若いタレントさんの語い不足と嘆きつつ、その時、ふと思ったのです。私のことを他人様に伝えてもらうとすれば、どんな表現になるのかしらと。常套後ではなく、私の良いところも悪いところも本当のことを伝えてもらいたい。悪いところばかりで胸が痛むかもしれない。でも、それが真実なら仕方がないと。
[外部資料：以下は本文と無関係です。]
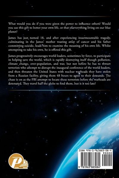 What would you do if you were given the power to influence others? Would you use this gift to better your own life, or that of everything living on our blue planet? James has just turned 18, and after experiencing insurmountable tragedy, culminating in the James' mother wasting away of cancer and his father committing suicide, leads him to examine the meaning of his own life. Whilst attempting to take his own, he is offered this gift. James progressively encourages world leaders, sometimes by force, to participate in helping save the world, which is rapidly destroying itself though pollution, climate change, over-population, and war, but not before he has to thwart terrorists who attempt to disrupt the inaugural conference of the world leaders, and then threaten the United States with nuclear warheads they have stolen from a Russian facility, giving them 48 hours to agree to their demands. The chase is on as the FBI attempt to locate these terrorists before the warheads are detonated. They travel half the globe to find them, but is it too late?

そして更に思ったのです。しいたけはどんな風に伝えてもらいたいと思うかしらと。
?美味しい。その理由は旨味成分グアニル酸にある。
?健康食品である。ビタミンDのもととなるエルゴステ
リンを含み、骨の発達や骨粗しょう症予防に役立つ。
?新陳代謝を活発にする。アミノ酸の一種であるエリタ
デニンを含む食物繊維が多い。
?免疫機能を活性化。しいたけの食物繊維は不消化性多
糖体。等々。
今後、医療的にも栄養学的にも期待される食品の1つなのです。
難しいことはさておいて、低カロリー。食物繊維が多い。無農薬、無肥料で安心・安全そして何より美味しい。しいたけ大好き人間の一人として、生産量日本一の大分県民の一人として、しいたけの素晴らしさを伝えたい。伝えることが出来たでしょうか。私もやっぱり語い不足ですね。
総合監修
生活工房゛とうがらし˝金丸佐佑子(平成21年8月)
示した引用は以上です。